As you can witness, data is the most valuable asset of any organization in this modern age. It is being created at a really rapid pace and also the key for decision making processes in a lot of businesses, which can help them boost the value.
It is also undeniable that big data is an invaluable source of insights. It enables companies to optimize everything they are working on, from targeting the right customers to operating supply chain processes. Being capable of identifying, collecting, processing and analyzing data to capture meaningful insights has become the most important thing to set up agile companies whose aim is to survive in the business era driven by data nowadays.
Moreover, dealing with big data also leads to some challenges for the first time. Most companies still do not have enough skills and knowledge in order to construct a strong business data culture, build a data plan and consider their approach to information and knowledge management. It is highly recommended to know the right data management principles on which your company can identify what you are in need to approach big data.
Craft a data management strategy
Enterprise data management means how a company defines, integrates as well as retrieves their data in order to gain accurate and consistent insights. As big data is keeping on expanding and evolving, identifying and making use of data gets more and more difficult and data management is a really difficult task.
The first data management principle is to take a strategic approach to data management, which is important for the development of a company’s data initiatives.
An ideal data management strategy asks for creating customized data management system. More precisely, a data management system is a framework which effectively integrates all the software, hardware, workflows, and culture defining data management in a company. As a result, companies need to identify which processes, resources and technologies are the most suitable for their data strategy.
What is more, in order to generate relevant results, data management asks the companies to pay attention to the data precision, granularity and meaning. Your data strategy should include such details as which data your company should use, which data sources should be considered and which are not, how and where to store and secure data, how to make sure the quality of data and how to manage the documentation related to the data management system.
Define ownership and stewardship
Data management often comes with lots of data sources and various organizations. Actually, data analytics has become so valuable when a wide variety of data sources are integrated together.
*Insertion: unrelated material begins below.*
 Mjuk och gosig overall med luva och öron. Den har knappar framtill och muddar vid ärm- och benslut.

Data integration enables companies to capture meaningful insights and generate profit.
Simultaneously, the integration of different sources would lead to a lot of challenges to estimate the value of data. actually, data does not come with any intrinsic value yet the insights generated from the data can be worth huge sums if they are combined with other sources.
In this case, companies should remember that good data management will require defining who owns the data and who can access it. If the data ownership is not clear, important data governance problems will evolve. Ownership means the legal rights and responsibilities. It demands on full managerial and financial control over data, such as the right to remove it when it is unused or too costly to keep.
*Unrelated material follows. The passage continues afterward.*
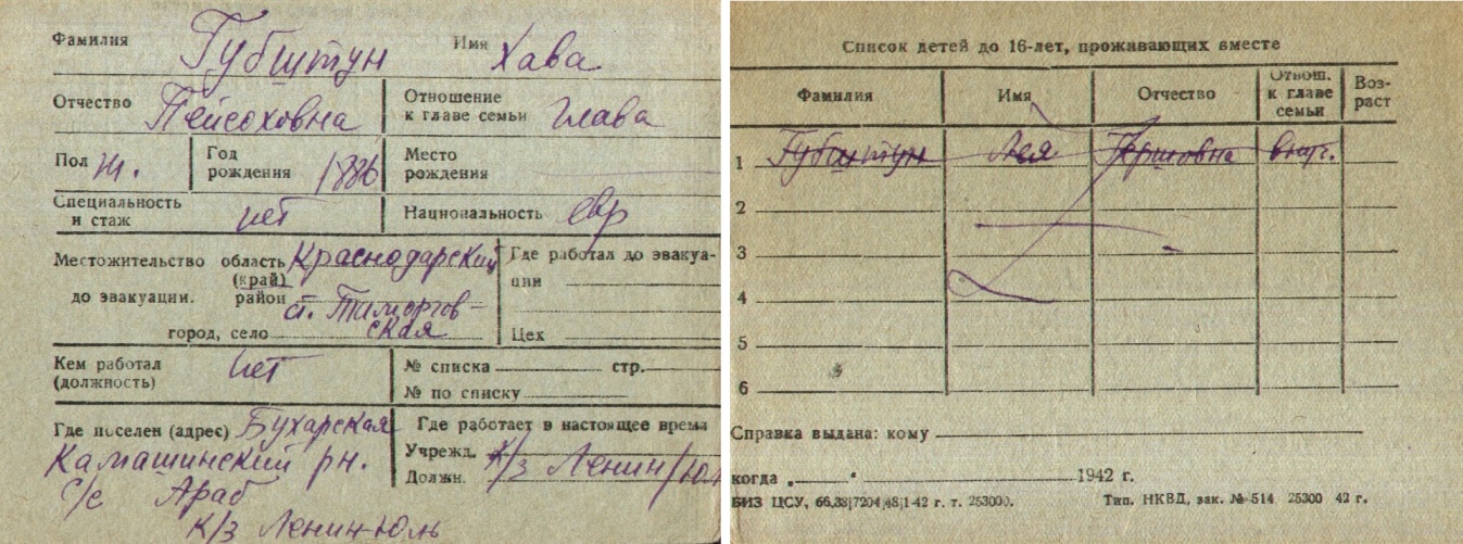 Khava Gubshtun was born, 1886 to Peysokh. Prior to WWII she lived in Temirgoyevskaya, Russia (USSR). During the war she was in Uzbekistan (USSR). Khava was registered following the evacuation/ in the interior of the Soviet Union.

Moreover, ownership is often assigned to the organization who commissioned the data, instead of the company gathering it. Nevertheless, proprietary rights may relate to one particular data item along with a merged data set or a value added dataset. Similarly, when company owns a dataset while other companies own the data, data governance would become a complicated task.
If you want to promote a collaborative approach to data management and avoid creating knowledge silos, you should be sure that ownership and stewardship are clearly identified for any specific project and staff.
In order to boost data access, data should be stored in the right system, such as a data lake or a data warehouse, according to your requirements. Moreover, companies should make sure each dataset will be documented properly and controlled so as to assist employees in identifying, controlling and using data in an efficient manner.
That is the reason why we need metadata. Metadata is the GPS system which enables your staff to navigate easily through data and take control over any modification in the data bases.
It is highly advised to use the metadata to make sure everything is well managed. Metadata is all the data that relates to your data. It will keep track of how data is gathered, verified, reported and analyzed. It would provide the users the insights regarding content, characteristics and use of every data while offering information about the content and accessibility of data.
To make sure that metadata is used properly, each company should build business procedures and boost a careful approach to metadata. Identifying and documenting your datasets is rather effective to make sure you are not gathering copies of the old data.
Make sure data quality
Data is now driving the decision making processes of companies. Thus, it is truly important to make sure that decision makers could rely on the data they are working with. Setting up data quality standards can help make sure datasets could satisfy the needs of those approaching them.
Data quality standards will set up the minimum demands that data must have. Various projects may come with various standards depending on the goal they want to achieve. Data quality entails the need of being defined consistently across the whole company. Thus, it is highly recommended to define some basic standards that can be applied to everyone working in the company and test data against those standards regularly. One tip to make sure the right level of data quality is to manage the data life cycle in a careful manner.